For the given functions f and g, find the following and state the domain of each result
f(x)=sqrtx;g(x)=3x-2
a) (f times g)(x)=___
What is the domain of f times g?
b) (f/g)(x)=____
what is the domain of f/g?
To find the results and domains of the given functions, follow these steps:
a) To find the product of f(x) and g(x), you need to multiply the two functions together: (f times g)(x) = f(x) * g(x).

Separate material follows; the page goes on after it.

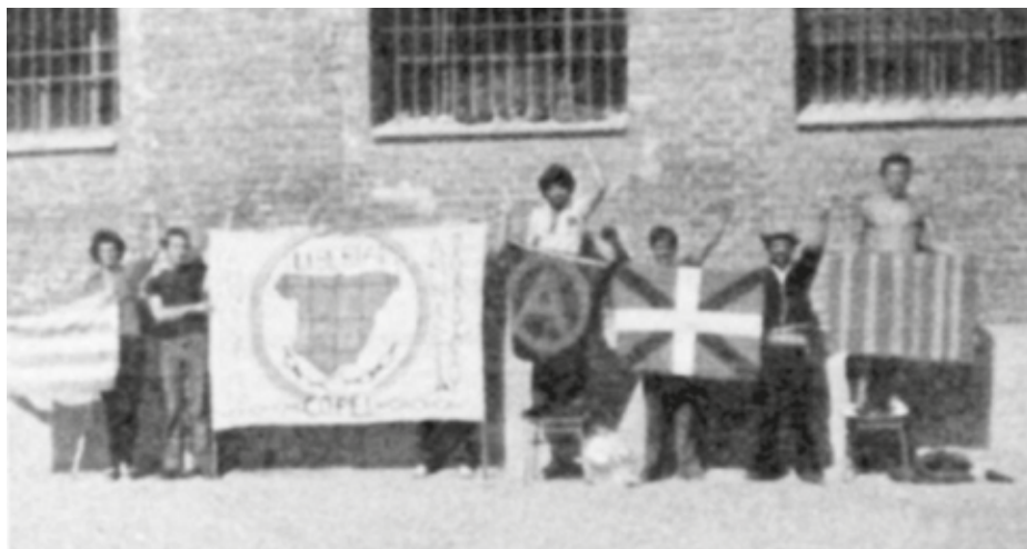
1977an presoak mutinatu eta Carabancheleko teilatua hartu zutenean, igo aurretik argazkia egin zuten bost ikurrekin: COPELena, anarkista eta Herrialde Katalanetako, Galiziako eta Euskal Herriko bandera bana.

COPELeko kideak jipoitu, sakabanutu eta isolatu zituzten, kogestioa baztertu eta diziplina zorrotza berrezarri zuten espetxeetan. Ordurako heroina

So, (f times g)(x) = sqrt(x) * (3x - 2).
To determine the domain of (f times g)(x), you need to consider the domains of both f(x) and g(x) and determine their intersection.
1. The domain of f(x) = sqrt(x) is all non-negative real numbers (x ≥ 0).
2. The domain of g(x) = 3x - 2 is all real numbers since there are no restrictions on x.
Therefore, to find the domain of (f times g)(x), we need to consider the intersection of the domains of f(x) and g(x). Since both functions have no restrictions, the domain of (f times g)(x) is all real numbers.
b) To find the quotient of f(x) and g(x), you need to divide f(x) by g(x): (f/g)(x) = f(x) / g(x).
So, (f/g)(x) = sqrt(x) / (3x - 2).
To determine the domain of (f/g)(x), you need to consider the domains of f(x) and g(x) and any restrictions caused by division (i.e., avoiding division by zero).
1. The domain of f(x) = sqrt(x) is all non-negative real numbers (x ≥ 0).
2. The domain of g(x) = 3x - 2 is all real numbers since there are no restrictions on x, except when the denominator (3x - 2) equals zero.
To avoid division by zero, we solve for x where 3x - 2 = 0.
3x - 2 = 0
3x = 2
x = 2/3
Therefore, the only restriction is x ≠ 2/3.
Hence, the domain of (f/g)(x) is all non-negative real numbers excluding x = 2/3.